▶ Task requirements
Would you copy the records exactly, leaving the pictures out?

Records excerpted from a collection:
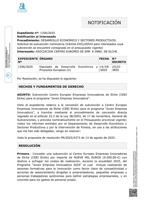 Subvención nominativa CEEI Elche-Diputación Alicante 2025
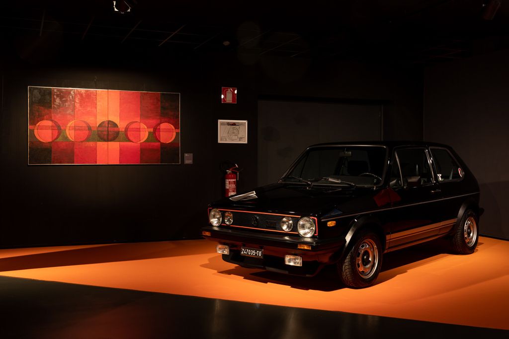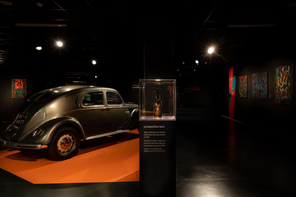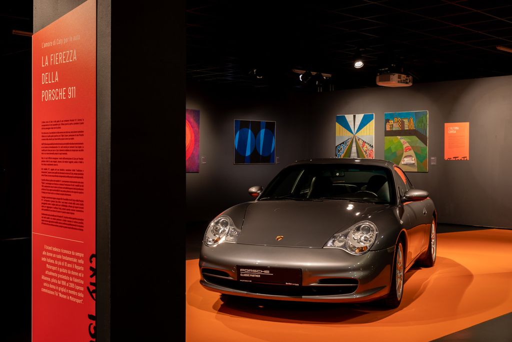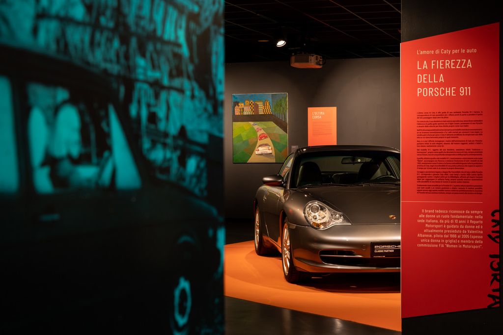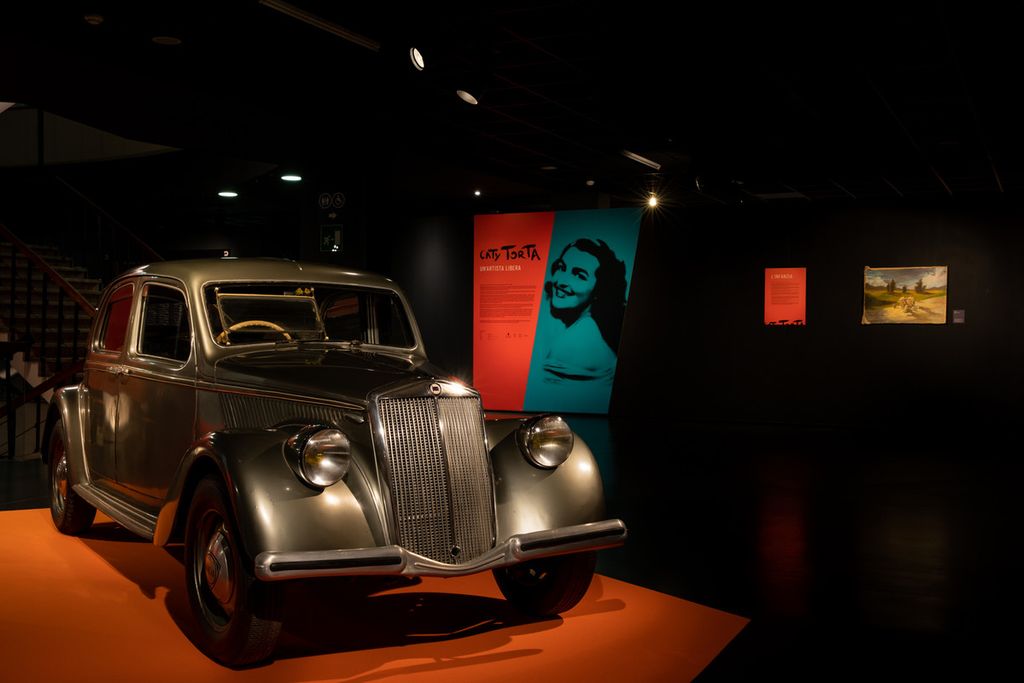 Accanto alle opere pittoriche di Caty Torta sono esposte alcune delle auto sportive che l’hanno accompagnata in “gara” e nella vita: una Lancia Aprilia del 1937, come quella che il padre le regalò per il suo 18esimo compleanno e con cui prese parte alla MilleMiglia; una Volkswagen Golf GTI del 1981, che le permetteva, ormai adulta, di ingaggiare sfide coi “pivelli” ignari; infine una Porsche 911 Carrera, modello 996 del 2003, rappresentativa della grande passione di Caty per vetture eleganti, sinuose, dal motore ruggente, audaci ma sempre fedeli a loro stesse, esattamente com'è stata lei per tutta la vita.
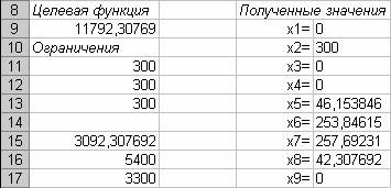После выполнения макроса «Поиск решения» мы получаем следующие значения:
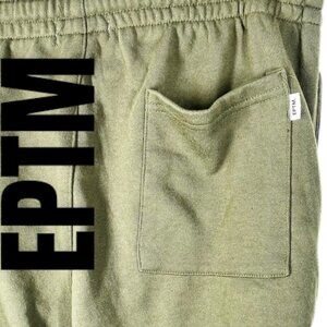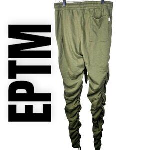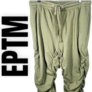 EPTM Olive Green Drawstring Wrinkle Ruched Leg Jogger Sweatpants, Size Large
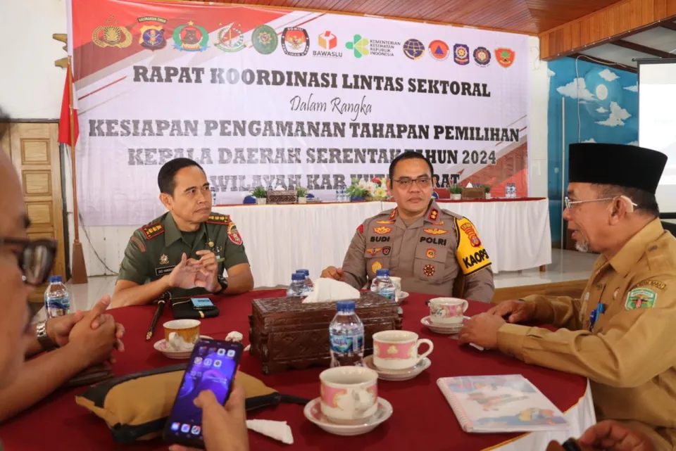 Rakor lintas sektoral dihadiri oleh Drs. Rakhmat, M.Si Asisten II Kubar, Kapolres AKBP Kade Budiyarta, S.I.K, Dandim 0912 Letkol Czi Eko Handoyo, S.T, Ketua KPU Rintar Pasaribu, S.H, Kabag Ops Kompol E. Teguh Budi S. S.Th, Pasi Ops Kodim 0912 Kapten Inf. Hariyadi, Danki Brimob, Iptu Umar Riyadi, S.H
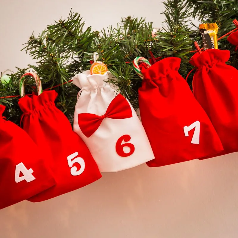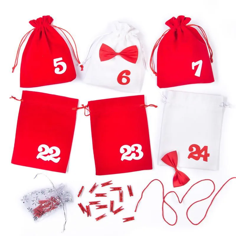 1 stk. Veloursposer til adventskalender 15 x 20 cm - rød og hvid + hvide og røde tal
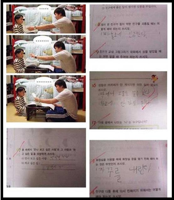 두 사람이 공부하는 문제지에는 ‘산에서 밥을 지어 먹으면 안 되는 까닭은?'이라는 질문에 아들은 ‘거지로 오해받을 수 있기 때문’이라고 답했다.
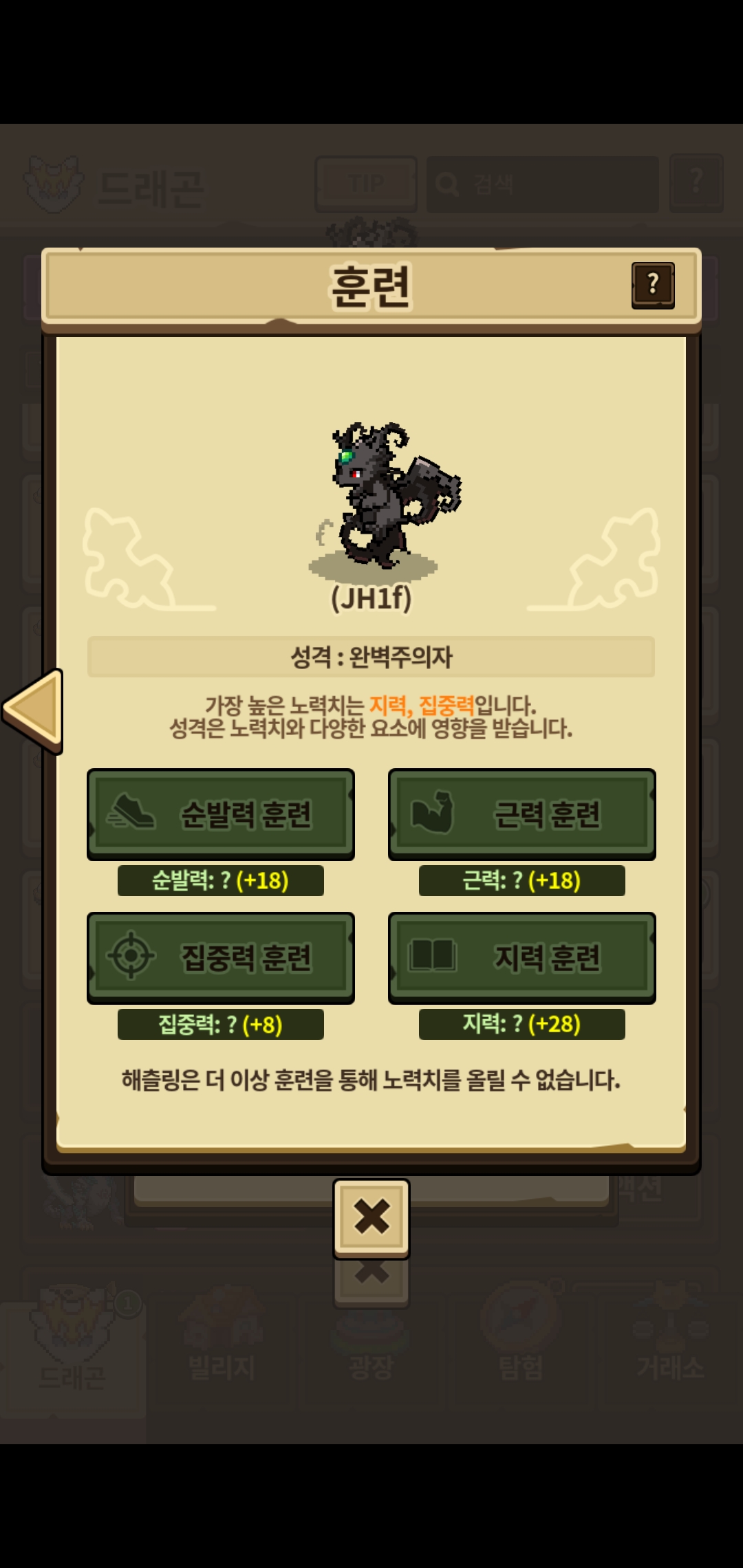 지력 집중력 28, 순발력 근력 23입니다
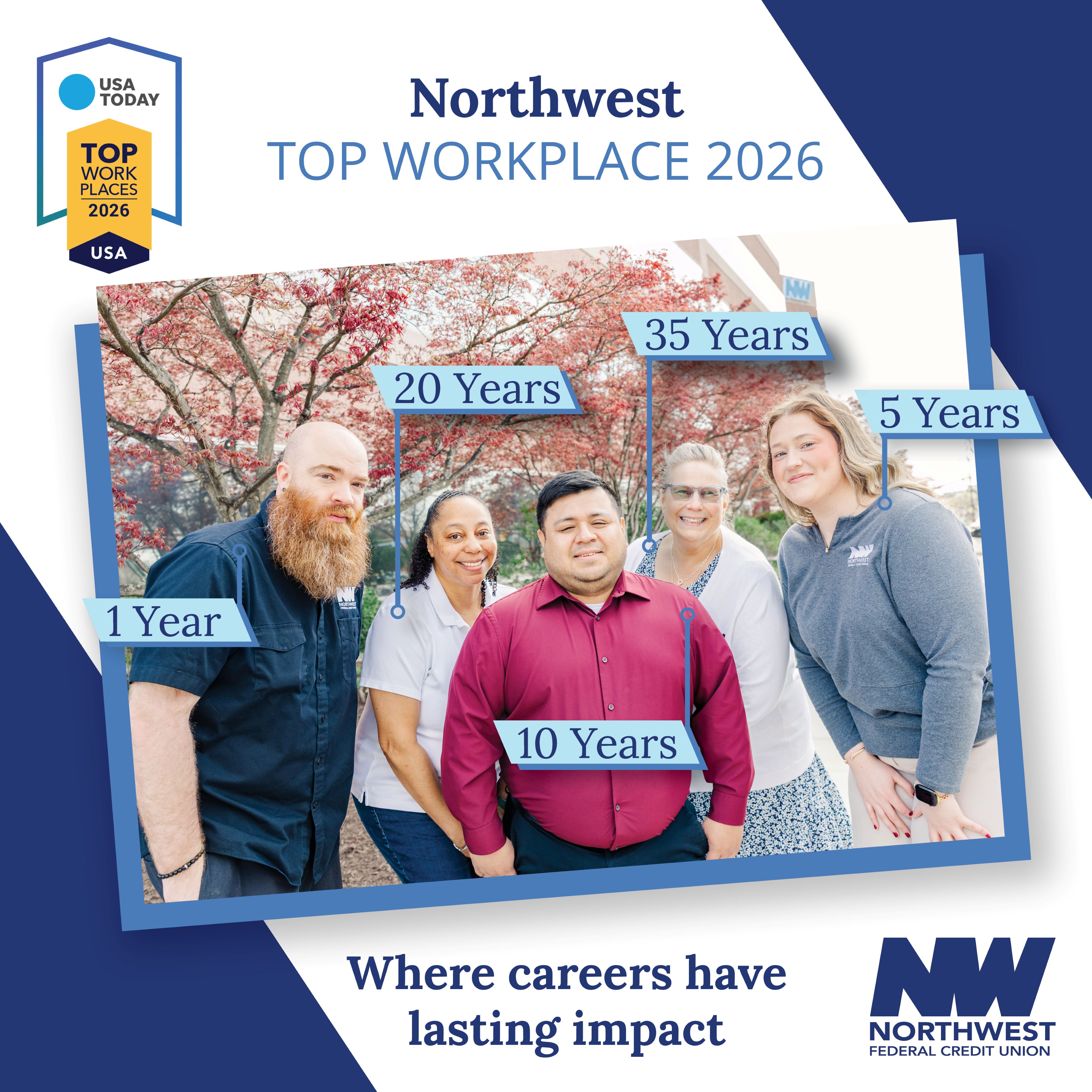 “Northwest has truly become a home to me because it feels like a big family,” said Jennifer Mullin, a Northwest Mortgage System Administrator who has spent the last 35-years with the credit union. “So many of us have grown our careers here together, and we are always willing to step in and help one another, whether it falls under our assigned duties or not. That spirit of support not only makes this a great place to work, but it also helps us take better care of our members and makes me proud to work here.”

▶ Written response
 Subvención nominativa CEEI Elche-Diputación Alicante 2025
 Accanto alle opere pittoriche di Caty Torta sono esposte alcune delle auto sportive che l’hanno accompagnata in “gara” e nella vita: una Lancia Aprilia del 1937, come quella che il padre le regalò per il suo 18esimo compleanno e con cui prese parte alla MilleMiglia; una Volkswagen Golf GTI del 1981, che le permetteva, ormai adulta, di ingaggiare sfide coi “pivelli” ignari; infine una Porsche 911 Carrera, modello 996 del 2003, rappresentativa della grande passione di Caty per vetture eleganti, sinuose, dal motore ruggente, audaci ma sempre fedeli a loro stesse, esattamente com'è stata lei per tutta la vita.
После выполнения макроса «Поиск решения» мы получаем следующие значения:
 EPTM Olive Green Drawstring Wrinkle Ruched Leg Jogger Sweatpants, Size Large
 Rakor lintas sektoral dihadiri oleh Drs. Rakhmat, M.Si Asisten II Kubar, Kapolres AKBP Kade Budiyarta, S.I.K, Dandim 0912 Letkol Czi Eko Handoyo, S.T, Ketua KPU Rintar Pasaribu, S.H, Kabag Ops Kompol E. Teguh Budi S. S.Th, Pasi Ops Kodim 0912 Kapten Inf. Hariyadi, Danki Brimob, Iptu Umar Riyadi, S.H
 1 stk. Veloursposer til adventskalender 15 x 20 cm - rød og hvid + hvide og røde tal
 두 사람이 공부하는 문제지에는 ‘산에서 밥을 지어 먹으면 안 되는 까닭은?'이라는 질문에 아들은 ‘거지로 오해받을 수 있기 때문’이라고 답했다.
 지력 집중력 28, 순발력 근력 23입니다
 “Northwest has truly become a home to me because it feels like a big family,” said Jennifer Mullin, a Northwest Mortgage System Administrator who has spent the last 35-years with the credit union. “So many of us have grown our careers here together, and we are always willing to step in and help one another, whether it falls under our assigned duties or not. That spirit of support not only makes this a great place to work, but it also helps us take better care of our members and makes me proud to work here.”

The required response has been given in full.